Using the listing below, output only the lines from the one that contains "Всего было установлено" through the one that contains "LED in White |", inclusive, exactly as given and without images.

* Given entries
⟨

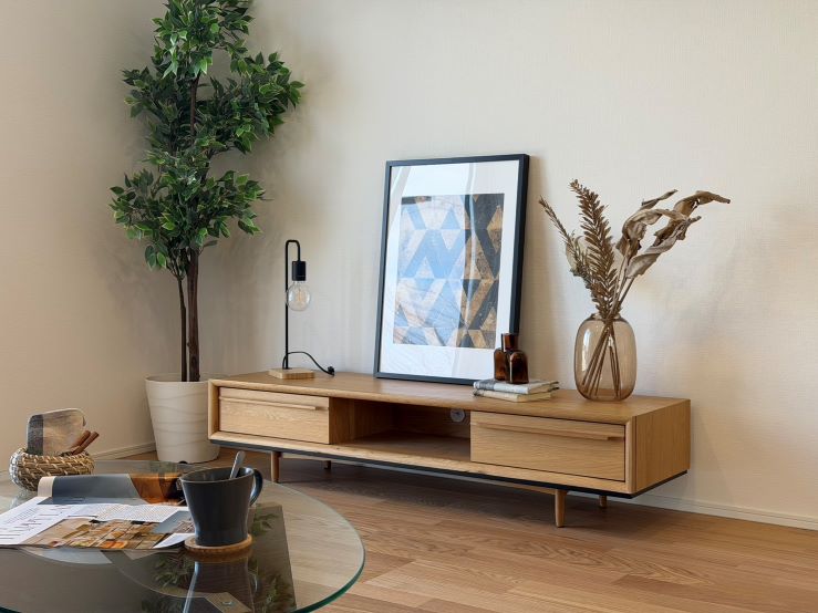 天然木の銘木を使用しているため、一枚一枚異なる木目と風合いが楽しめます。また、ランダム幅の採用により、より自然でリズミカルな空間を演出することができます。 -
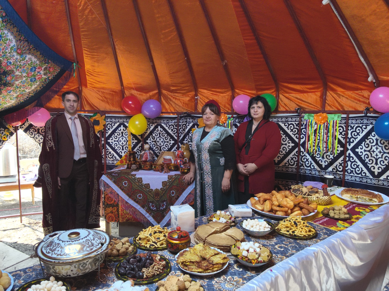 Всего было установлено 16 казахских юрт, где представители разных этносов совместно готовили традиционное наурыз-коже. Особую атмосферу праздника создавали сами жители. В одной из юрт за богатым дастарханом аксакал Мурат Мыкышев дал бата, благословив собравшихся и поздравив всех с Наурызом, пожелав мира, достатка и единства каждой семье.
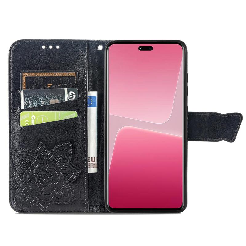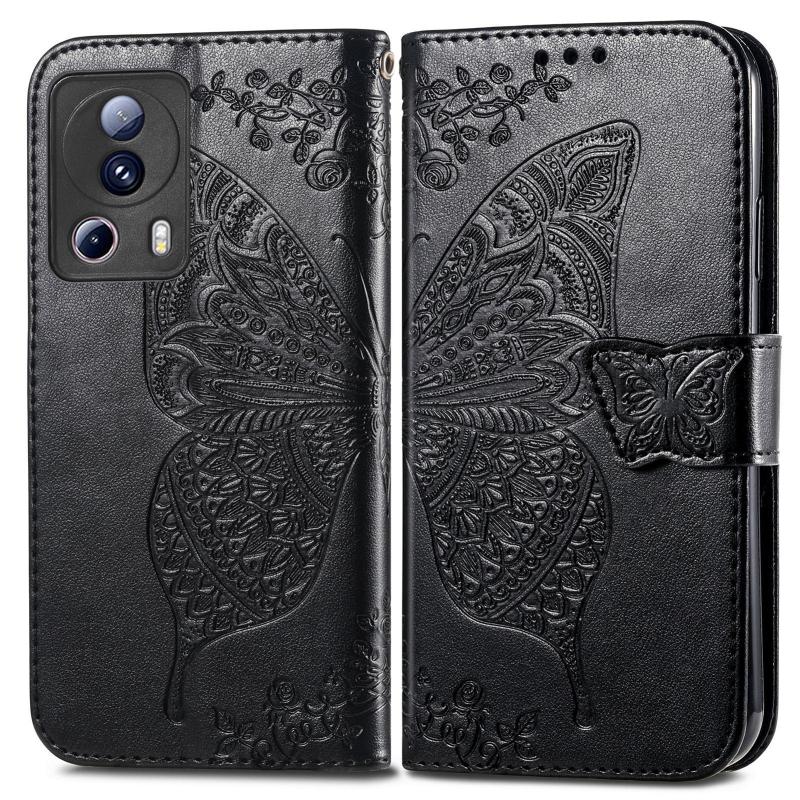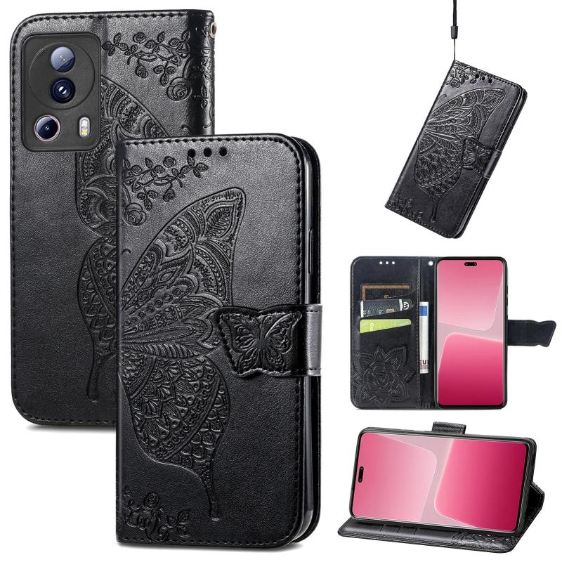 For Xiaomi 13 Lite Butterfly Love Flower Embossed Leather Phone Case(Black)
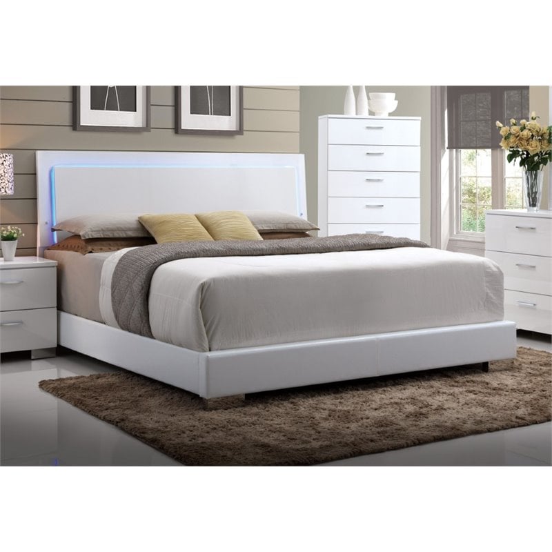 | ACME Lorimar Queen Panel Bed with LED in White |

⟩
⟨

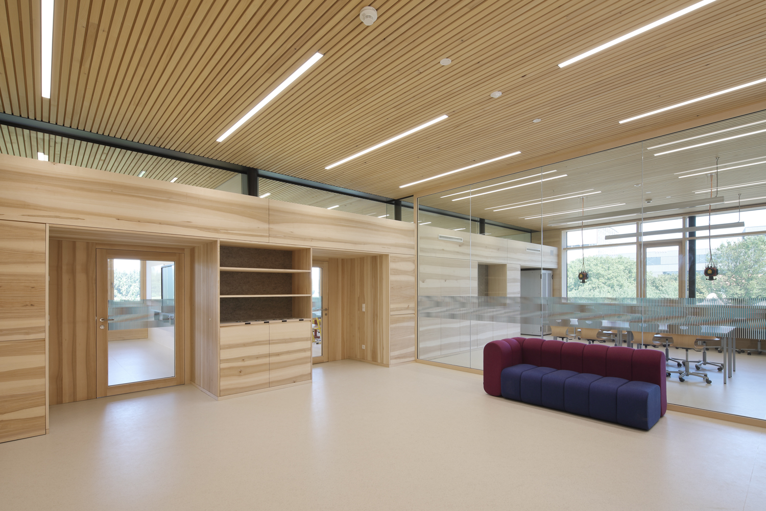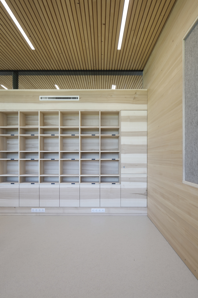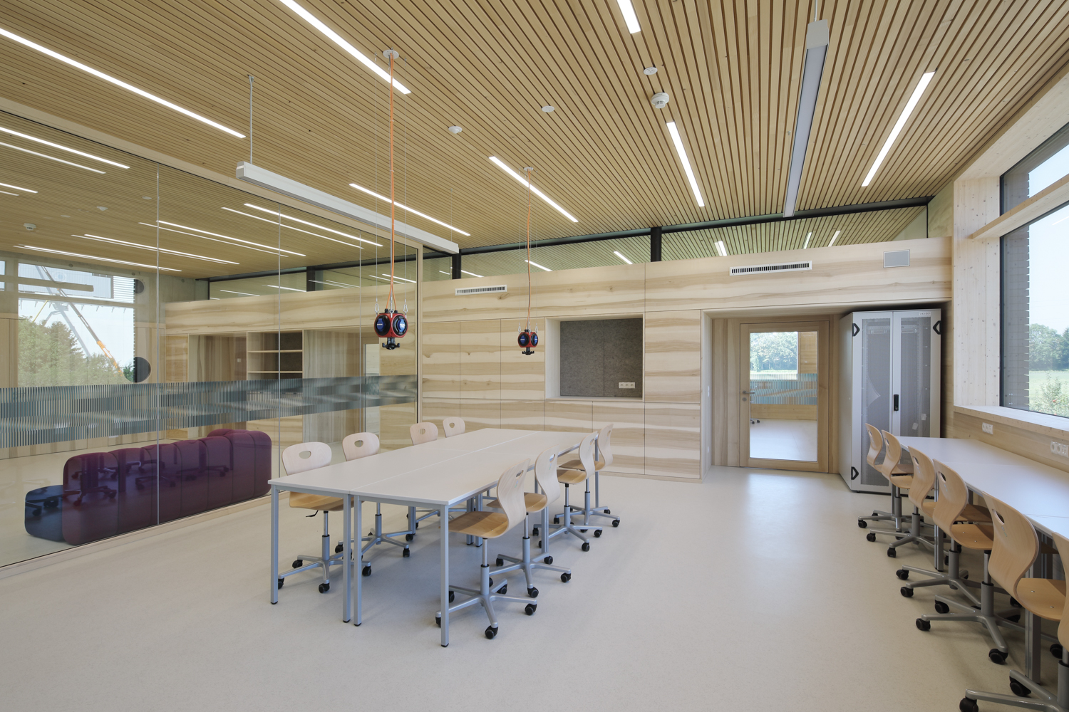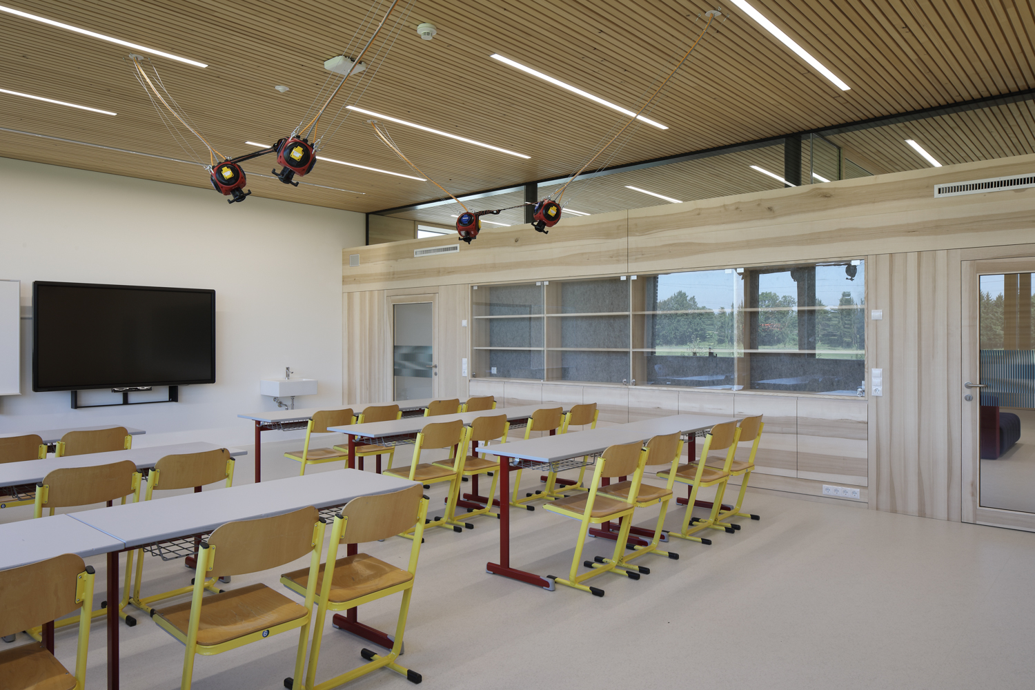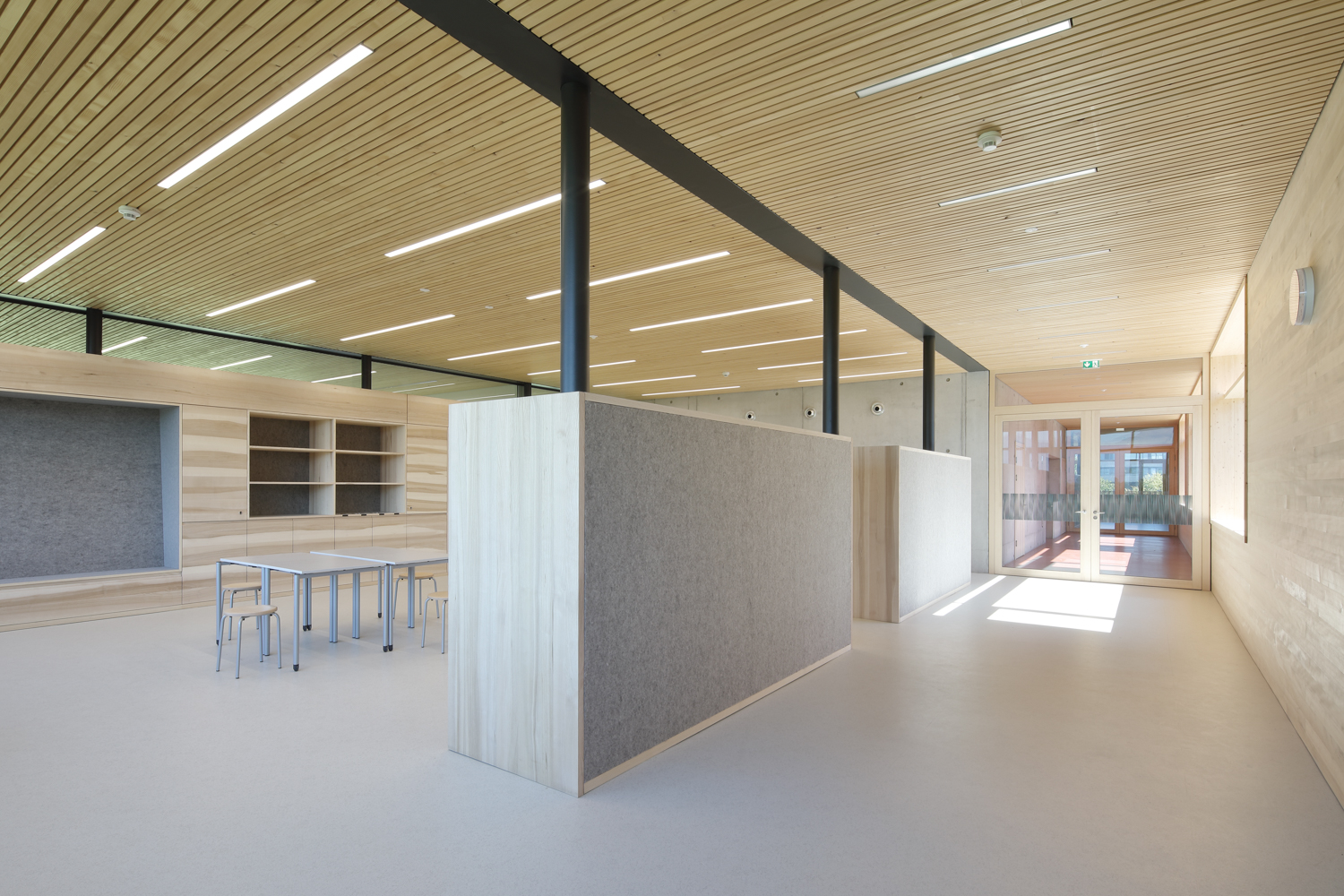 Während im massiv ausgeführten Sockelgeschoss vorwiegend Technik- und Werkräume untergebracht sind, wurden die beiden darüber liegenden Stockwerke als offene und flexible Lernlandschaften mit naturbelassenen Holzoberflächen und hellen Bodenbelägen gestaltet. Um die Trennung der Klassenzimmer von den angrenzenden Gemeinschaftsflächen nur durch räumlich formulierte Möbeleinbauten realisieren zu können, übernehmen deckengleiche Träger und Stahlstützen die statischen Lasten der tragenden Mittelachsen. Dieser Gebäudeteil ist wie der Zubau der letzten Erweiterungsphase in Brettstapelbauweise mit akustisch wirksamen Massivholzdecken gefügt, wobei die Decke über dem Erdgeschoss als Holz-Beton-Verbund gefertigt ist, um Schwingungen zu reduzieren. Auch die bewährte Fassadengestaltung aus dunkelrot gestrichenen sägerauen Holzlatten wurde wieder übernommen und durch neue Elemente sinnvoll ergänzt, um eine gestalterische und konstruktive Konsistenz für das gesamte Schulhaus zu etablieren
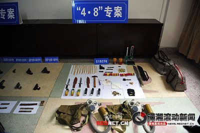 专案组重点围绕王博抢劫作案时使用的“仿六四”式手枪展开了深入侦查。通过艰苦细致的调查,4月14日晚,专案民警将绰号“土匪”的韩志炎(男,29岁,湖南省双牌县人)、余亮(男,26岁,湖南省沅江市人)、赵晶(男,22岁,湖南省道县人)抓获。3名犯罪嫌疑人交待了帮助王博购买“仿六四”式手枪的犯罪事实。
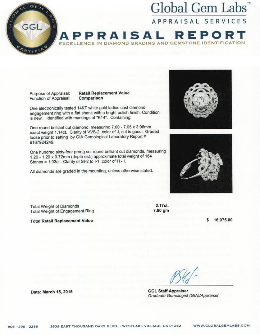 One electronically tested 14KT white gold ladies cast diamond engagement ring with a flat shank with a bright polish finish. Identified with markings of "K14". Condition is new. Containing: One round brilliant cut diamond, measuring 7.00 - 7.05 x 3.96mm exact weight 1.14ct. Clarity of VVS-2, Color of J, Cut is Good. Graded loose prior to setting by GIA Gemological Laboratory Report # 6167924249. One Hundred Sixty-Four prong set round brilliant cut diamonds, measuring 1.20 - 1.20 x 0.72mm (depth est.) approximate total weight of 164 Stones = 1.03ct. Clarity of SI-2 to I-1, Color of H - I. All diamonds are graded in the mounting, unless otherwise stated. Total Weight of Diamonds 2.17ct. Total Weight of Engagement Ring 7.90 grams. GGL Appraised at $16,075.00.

⟩

* Solution
 Всего было установлено 16 казахских юрт, где представители разных этносов совместно готовили традиционное наурыз-коже. Особую атмосферу праздника создавали сами жители. В одной из юрт за богатым дастарханом аксакал Мурат Мыкышев дал бата, благословив собравшихся и поздравив всех с Наурызом, пожелав мира, достатка и единства каждой семье.
 For Xiaomi 13 Lite Butterfly Love Flower Embossed Leather Phone Case(Black)
 | ACME Lorimar Queen Panel Bed with LED in White |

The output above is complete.